# A poll of your favorite ice fishing bait



## tye dye twins (Mar 8, 2011)

Feel free to say anything about it like tactics, places where used, etc.


----------



## neverdrawn (Jan 3, 2009)

Mealworm tipped on a jig. (Generally green or red.) If at fish lake I like to use a spoon and tip it with perch and do a lot of jigging and depth changing.


----------



## Clarq (Jul 21, 2011)

Night crawlers always work well on community pond trout.


----------



## Ton_Def (Dec 23, 2008)

I like trout, so it's simple. Red sided shiners.
Big bait = Big fish


----------



## LOAH (Sep 29, 2007)

I have to go with meal worms. I like the super mealies from the pet store the best, but they can be a little too big for tipping tiny ice flies and such. With mealies, pretty much anything will bite it and it keeps ice fishing as entertaining as can be.

I really had a hard time not picking shiners though. Most of the time on shiners, you know you've got a decent fish on.

I've got a few experimental baits that I've got more work to try too. Just need to round them up and remember to try them.
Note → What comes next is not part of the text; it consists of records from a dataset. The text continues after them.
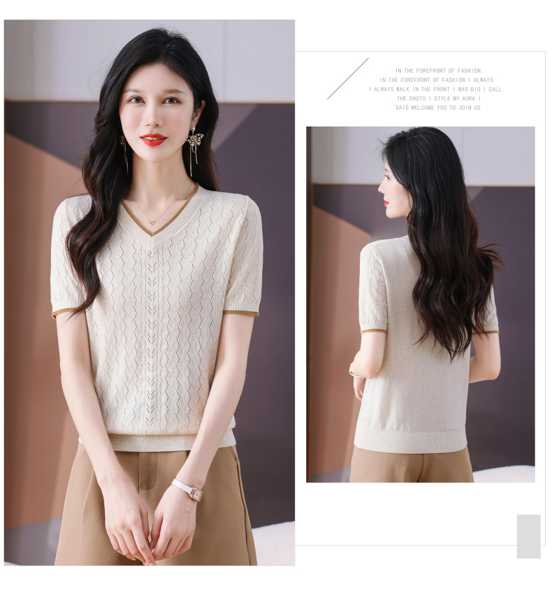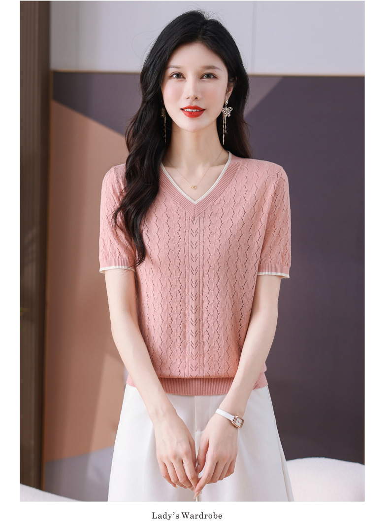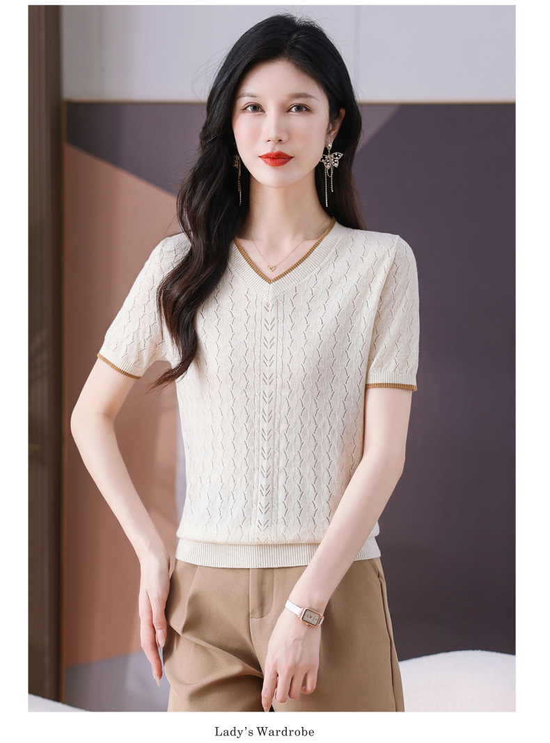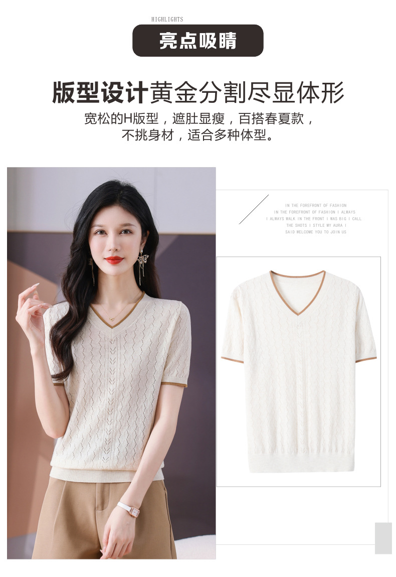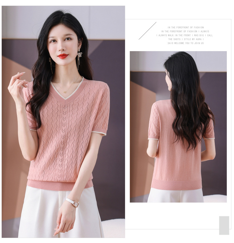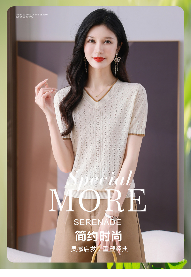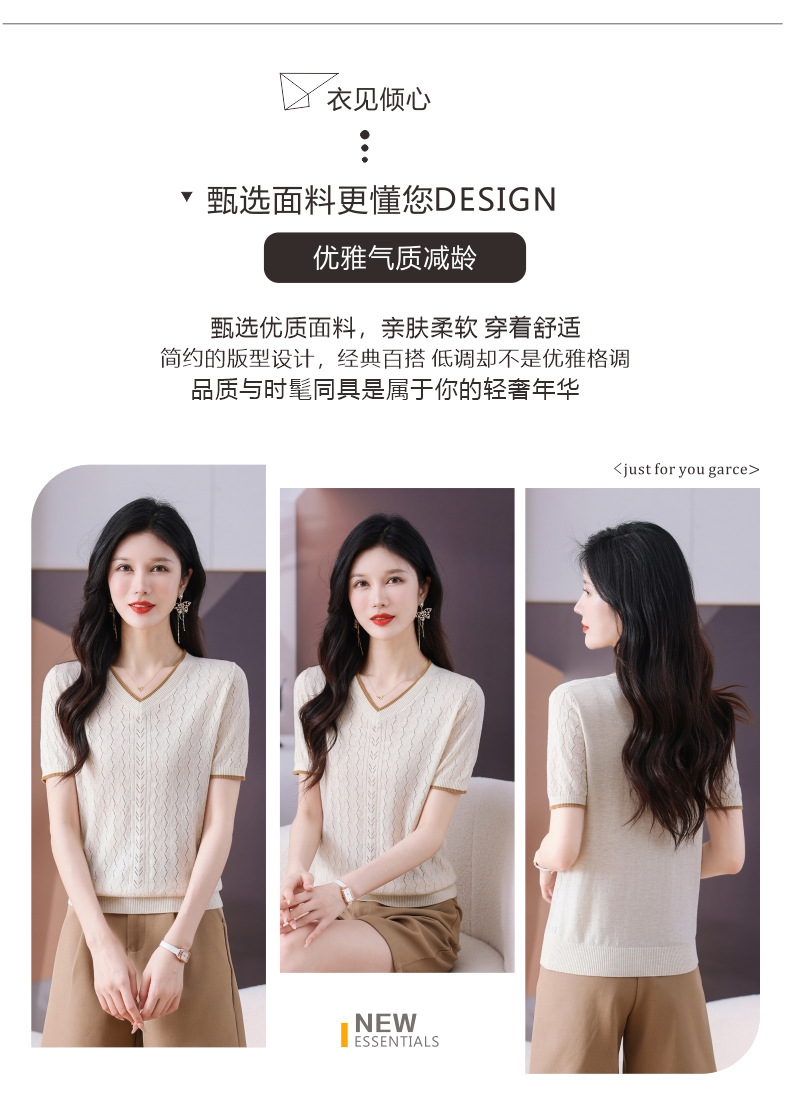 CC-101-355夏装女2025年新款V领年轻减龄天丝针织衫镂空打底衫上衣潮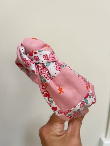Pink Floral Quilted Topknot Headband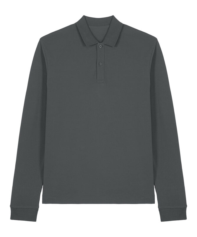 Premium, unisex, long-sleeve polo shirt in 100% organic cotton. Modern, medium fit, 240gsm. Pre-washed for shrink resistance. Excellent printability.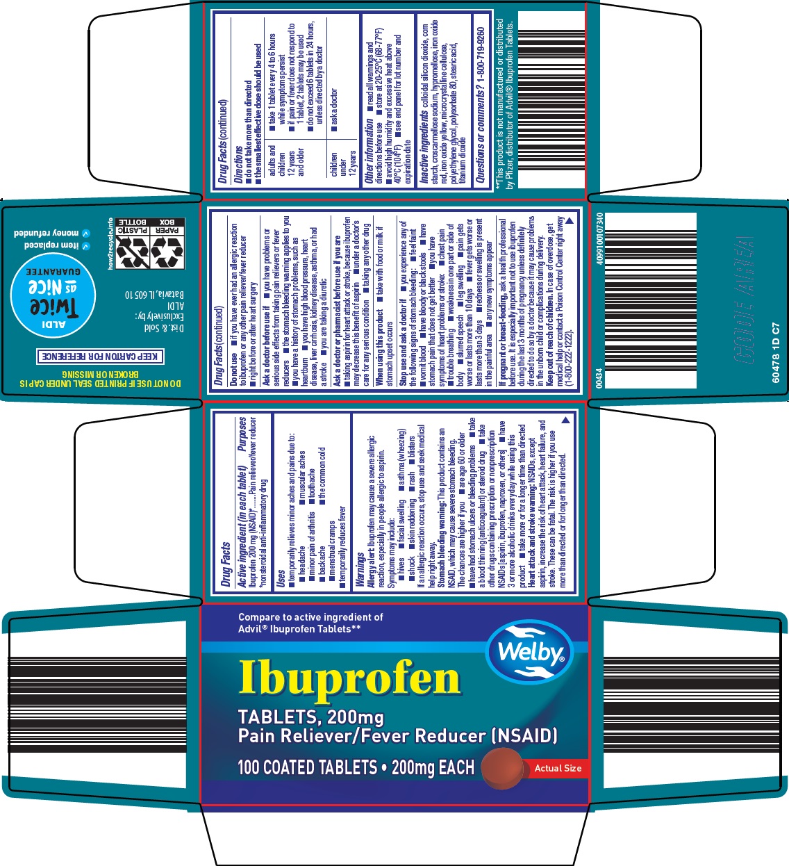 The following image provide visual information about the product associated with Welby Ibuprofen NDC 64024-002 by Aldi, Inc, such as packaging, labeling, and the appearance of the drug itself. This resource could be helpful for medical professionals, pharmacists, and patients seeking to verify medication information and ensure they have the correct product.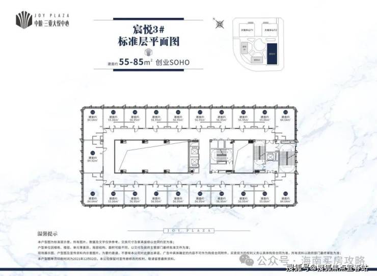 宸悦3#,创业SOHO,建筑面积(除底商)约7900㎡,总高7层,3梯21户,标准层高4.5米。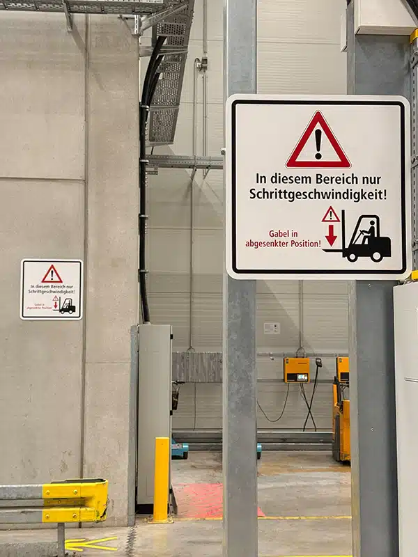 Für die Erweiterung 2025 haben wir erneut Etiketten, Schilder und Bodenmarkierungen produziert und teilweise montiert.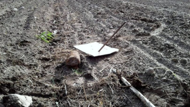 Przedmiot jest bardzo niebezpieczny. Funkcjonariusze przypominają, aby samodzielnie nie przenosić skorodowanych niewybuchów i niewypałów.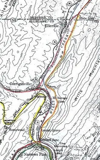 Railroads in the Wills Creek valley and the Narrows west of Cumberland in the early 20th century. Blue: Baltimore and Ohio Railroad (1842–1986). Red: Cumberland and Pennsylvania Railroad (1845 (as Mount Savage Railroad)–1953). Green: Georges Creek and Cumberland Railroad (1876–1939). Yellow: Western Maryland Railway (1906–1987). Orange: Huntingdon and Broad Top Mountain Railroad (1872–1954). Today CSXT continues to operate the former B&O line through the valley.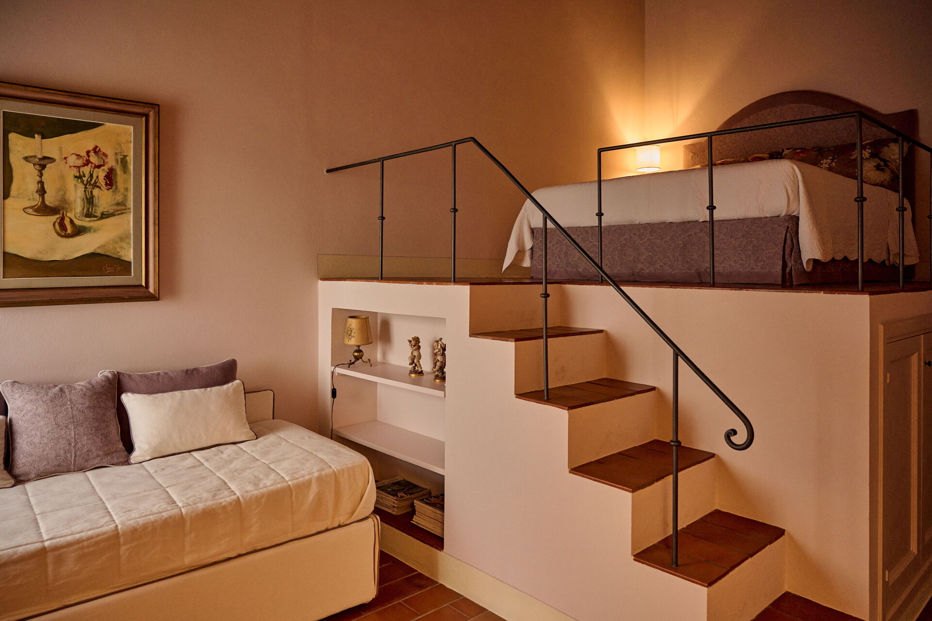Erster Stock: Doppelzimmer mit privatem Bad mit Dusche und großem begehbarem Kleiderschrank, Suite mit Sitzecke und Bad mit Dusche mit Zugang zum Doppelzimmer (4 Stufen tiefer), Doppelzimmer mit privatem Bad mit Dusche , Zweibettzimmer, Badezimmer mit Dusche, Doppelzimmer mit privatem Bad mit Dusche, Schlafzimmer mit privatem Bad mit Dusche und Zugang zum Zwischengeschoss mit Doppelbett.

(And you forgot salad shrimp. Those can be excellent. Perch love them.)


----------



## Chaser (Sep 28, 2007)

I'll use minnows, cutbait, waxies, mealies, and crawlers, but I ALWAYS add Smelly Jelly.


----------



## americanforkdude (Sep 13, 2007)

wax worms, shrimp or maggots...... Sometimes meal worms are the tickets but those are my top 3 maybe in that order...


----------



## blueboy22 (Sep 30, 2007)

I love waxies but have to say Power Bait. I forgot to buy waxies on a trip to Huntington reservoir ice fishing, no one had any to bye not even worms on the way up so I rolled up little Balls of Garlic PB and and put them on my Green Paddle bug and knocked the poo out of the fishies.
So Power Bait 
Then Waxies.
Of course there was that one time I knocked the poo out of the Fishies with waxies so maybe,
Waxies,
Then Power Bait


----------